Markets are higher this morning as commodities gain. Bonds and MBS are down.
Home Prices rose 0.84% in October and are up 5.5% YOY, according to the Case-Shiller Home Price Index. Portland, San Francisco, and Denver led the charge. For those worrying about how the increase in the Fed Funds rate will affect mortgage rates, don’t worry about a 1-for-1 increase in mortgage rates as the Fed hikes rates. Note that in the 2004-2005 tightening cycle, the Fed Funds rate went from 1% to 5.25% while the average 30 year fixed rate mortgage went from 6% to 6.75%.
One thing to keep in mind, however: ARMS that are pegged to shorter-term rates like LIBOR, Fed Funds or Prime will increase as the Fed hikes short term rates. Might be a good time to pitch a switch from an ARM to a 30 year fixed.
Ever since the bubble burst, homebuilders have largely focused on the luxury end of the market and the move-up buyer.
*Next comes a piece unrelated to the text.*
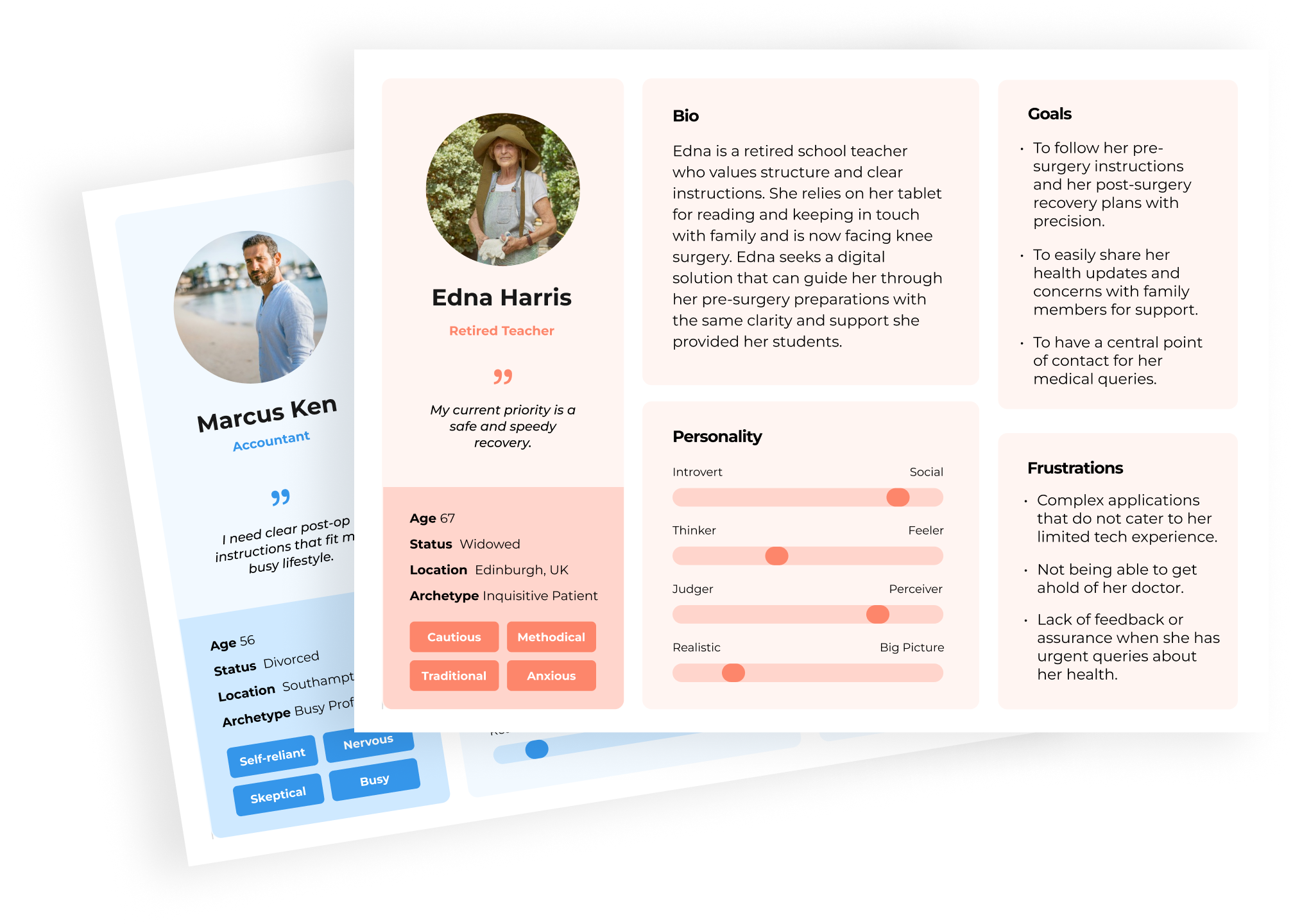 With the qualitative data collected from the user interviews, I crafted 3 user personas, detailing aspects such as age range, occupation, perosnality, goals and frustrations.

Fun fact: the average size of a new home has increased by 150 square feet since 2008. Entry-level homebuyers had been priced out of the market. Now that is beginning to change, as builders are focusing on starter homes. High land prices remain an issue.
Consumer Confidence rose from 92.6 to 96.5 in December.
Retailers had a decent holiday shopping season, with sales between Black Friday and Christmas up almost 8%.
Average days to close a loan increased by 3 in November, according to Ellie Mae. Blame TRID. Average FICO slipped a point to 721.